When you return the lines below, go from the first through the line with "This Item Not", keep them exact, and leave out every picture.

Given records
★ ★ ★ ★

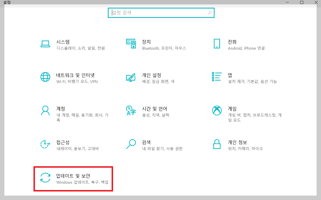 2. 업데이트 및 보안을 클릭한다.
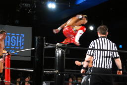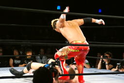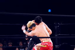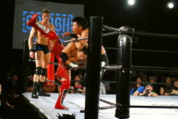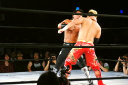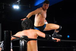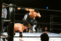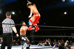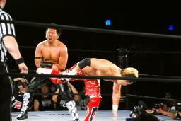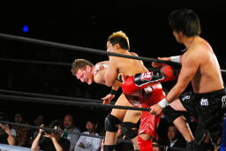 大原エルボー連打、ヘッドロック、KUSHIDAロープに振る、大原ショルダーブロック(左写真)。ロープワークからKUSHIDAがトップロープをつかんでのヘッドシザーズホイップ、そしてドロップキック。両軍タッチ。
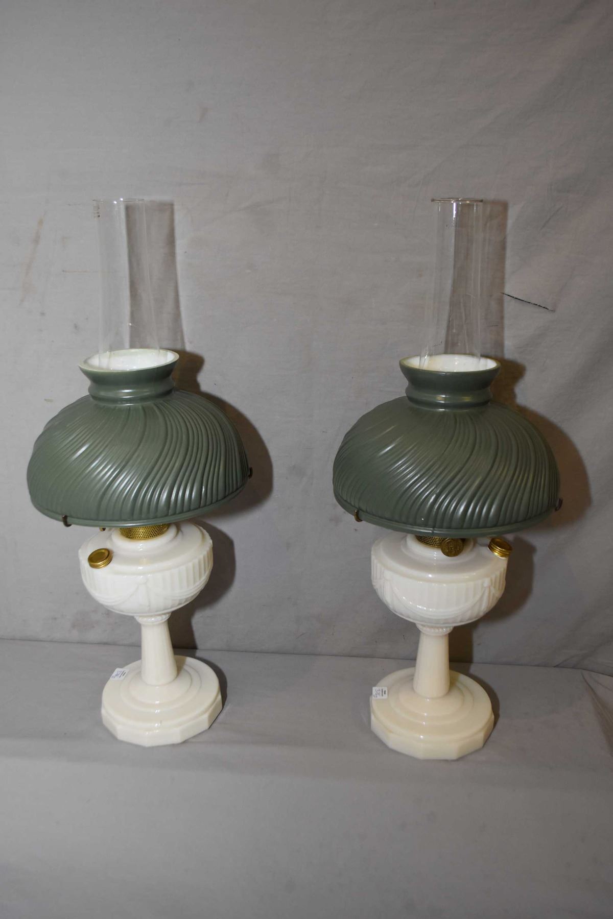 This Item Not Available For Shipping. Local Bidders Only. Pair of Aladdin Lincoln drape oil lamps with chimneys and cased green shades, note crack to one chimney
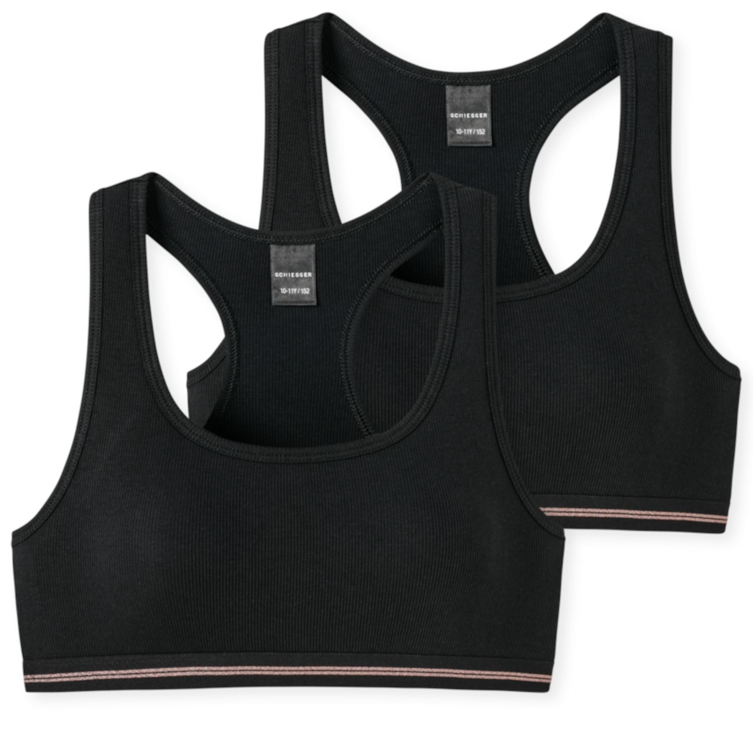 Sie mögen Baumwolle? Dann werden Sie Long Life Cotton lieben! Eine Produktinnovation, mit der SCHIESSER Langzeitqualität neu definiert. Ein natürlicher Veredelungsprozess revolutioniert Haptik und Optik Ihrer Unterwäsche, sodass sie auch nach vielen Waschgängen noch aussieht wie neu. So wie bei diesen schwarzen Mädchen-Bustiers im Doppelpack, die mit pilling-armem, glattem Single Jersey und einer optimalen Passform auf ganzer Linie durch beste SCHIESSER-Qualität überzeugen! - schwarze Bustiers für Mädchen im praktischen Doppelpack - aus der SCHIESSER-Serie "Long Life Cotton" - mit sportlichem Racerback-Rückteil - Unterbrust mit Webgummi und eingegewebten, schimmernden Lurex-Fäden - höchste Qualität und Langlebigkeit durch einzigartige ReaLasting Cotton-Verarbeitung - sieht auch nach vielen Wäschen noch aus, wie neu! - in herrlich bequemer, elastischer Doppelripp-Qualität
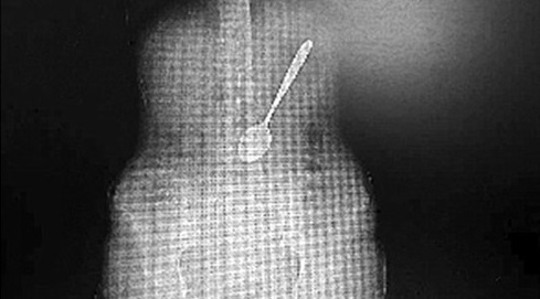 Cô Vương cho biết, lúc ở nhà đă nuốt phải một chiếc th́a do ăn vội vàng bát mỳ. Khi nạn nhân đến bệnh viện và tŕnh bày t́nh trạng, các bác sĩ không tin nổi. Tuy nhiên, phim X-quang đă cho thấy một chiếc th́a nằm chếch 30 độ trong bụng nạn nhân, nó có thể chọc thủng dạ dày và gây tổn thương nội tạng.
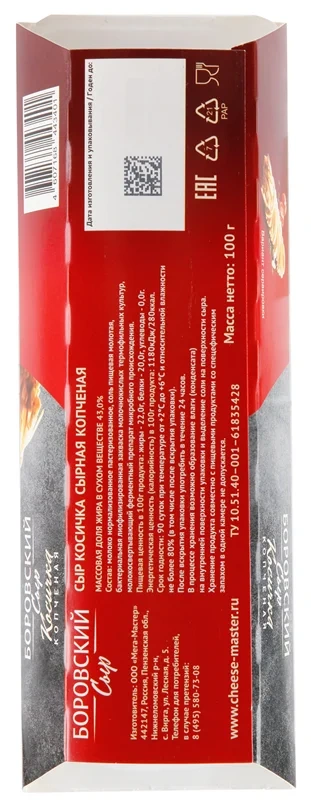 Сыр Боровский сыр косичка копченый 43%, 100г
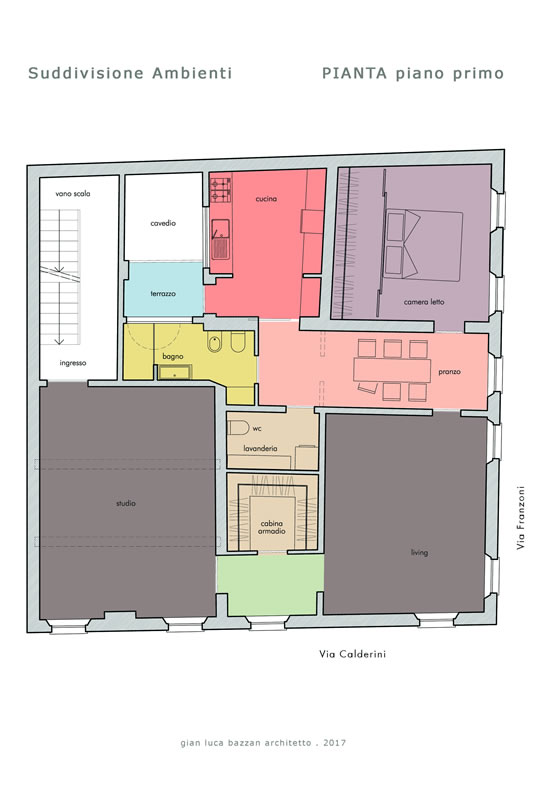 Gli spazi originari sono stati riletti completamente nel loro utilizzo, realizzando una sequenza inusuale degli ambienti che conferisce particolare carattere all’insieme, rispondendo esattamente alle volontà dei committenti.
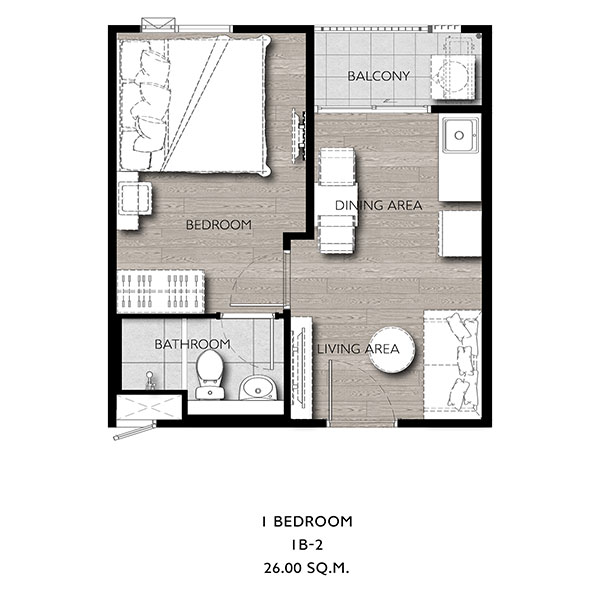 - 1 Bedroom ขนาด 26 ตร.ม.
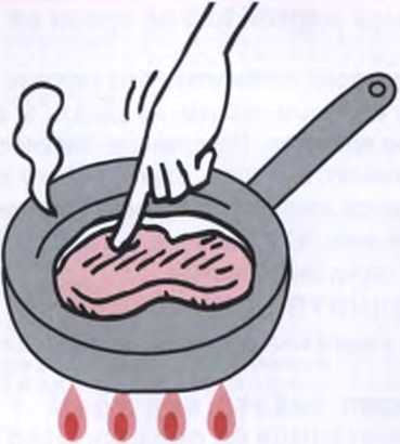 4. Готовность стейка средней прожаренности проверяется пальцем
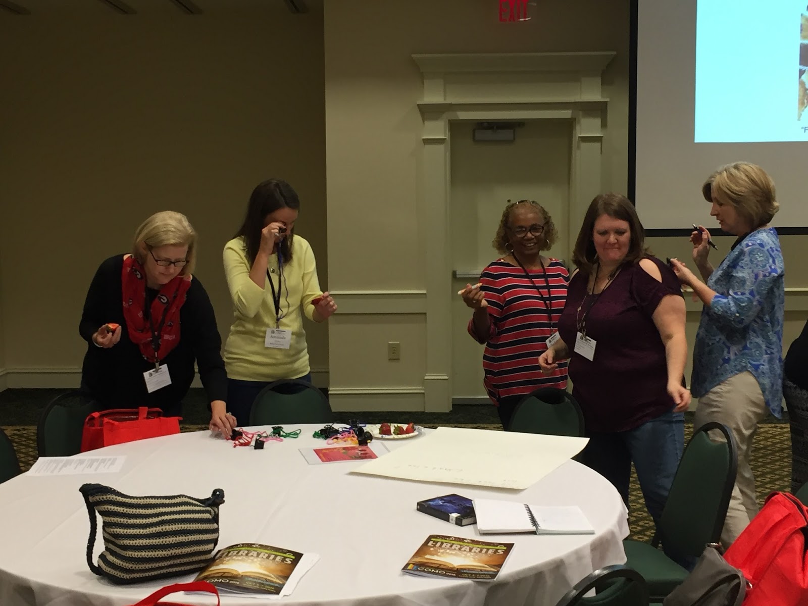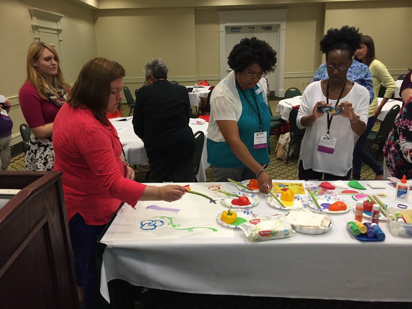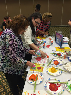 As I told the librarians, one of my goals for 2016 was to reach out to Georgia teachers and librarians, as I was born in Covington, Georgia and have always enjoyed thinking of myself as a Georgia "peach." And what I discovered (not a surprise) was that Georgia librarians are just as peachy as they can be! Thanks so much to those who attended for your enthusiasm for poetry and field notebooks in the first session, and for veggie-art in the second session! Here are some pictures taken by Paul who was my helper for the day:
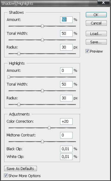 setelah itu pilih Image->Adjusments->Shadow/highlight (agar tidak terlalu terang) :
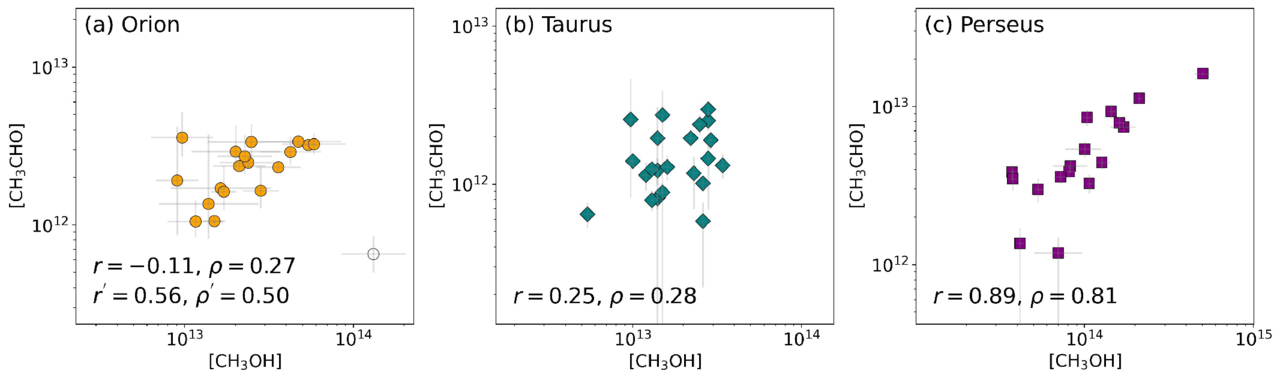 The scatter plots of the CH3OH and CH3CHO column densities in starless cores from different clouds. The data of Taurus and Perseus clouds were adopted from S. Scibelli & Y. Shirley (2020) and S. Scibelli et al. (2024), respectively. The r and ρ represent the Pearson and Spearman correlation coefficients, respectively. In panel (a), the ﹩{r}^{{\prime} }﹩ and ﹩{\rho }^{{\prime} }﹩ are the coefficients excluding the outlier illustrated by the white color.
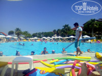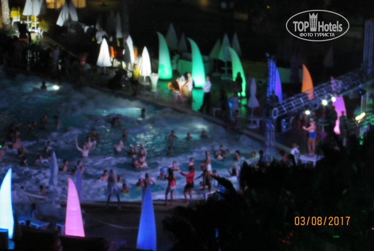 Отдыхали 10 дней в августе 2017 года. Остались отдыхом довольны.Плюсы- большая территория, хороший пляж, вечерняя анимация, ночной диско клуб.Минусы- народа много, отель большой. В столовой создается впечатление нахождения на вокзале.....муравейник, в общем. Но я была готова к этому. Бриллиант отеля- администратор Ирина на ресепшене. Решает все проблемы, быстро, вежливо, спокойно. Я наслаждалась наблюдая, как она работает. Специалист высокого уровня.Нам поменяли номер без всяких проблем и доплат, также добавили еврораскладушку в номер по нашей просьбе.... и даже доктор вынул рыбную кость из горла моей подруге....решали проблемы через Ирину. Еда- овощей много....тушеных , жареных... Мяса мало....Чай только в чайниках (турецкий). , пакетиков нет. Сок- юпи. Напитки- стандартные... Занимали пирс по утрам, там было гораздо прохладнее...бриз.. и купаться удобнее. Анимационная команда веселая, спокойна. Кто хотел- с теми и занимались...Артисты по вечерам приглашенные, был Кенийиский цирк...кто видел, знает. Хорошая детская анимация на сцене по вечерам... детки визжали от восторга.Большой респект администрации отеля за дискотеку в бассейне... было круто...еще такого не видела.... На финал был фейерверк .... было очень весело!!!Туристы -на 70 % русские....Вообщем какой я отдых планировала, такой и получился. Отель без особых претензий, но большой, зеленый,веселый и спокойный.Рекомендую другим.
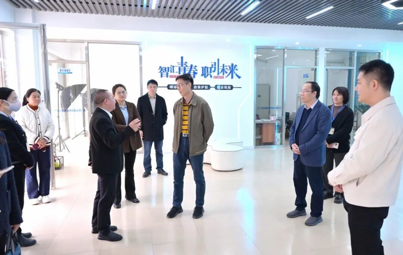 在就業(yè)服務(wù)站,彭高彬副校長向調(diào)研組介紹了站點運行機制、校企合作成果與畢業(yè)生就業(yè)跟蹤數(shù)據(jù)。姜杰處長詳細(xì)詢問了服務(wù)日常訪問、常見問題與數(shù)據(jù)共享情況,肯定了我校“精準(zhǔn)聚焦、專業(yè)賦能、服務(wù)暖心”的服務(wù)模式。

★ ★ ★ ★

Problem solution
 2. 업데이트 및 보안을 클릭한다.
 大原エルボー連打、ヘッドロック、KUSHIDAロープに振る、大原ショルダーブロック(左写真)。ロープワークからKUSHIDAがトップロープをつかんでのヘッドシザーズホイップ、そしてドロップキック。両軍タッチ。
 This Item Not Available For Shipping. Local Bidders Only. Pair of Aladdin Lincoln drape oil lamps with chimneys and cased green shades, note crack to one chimney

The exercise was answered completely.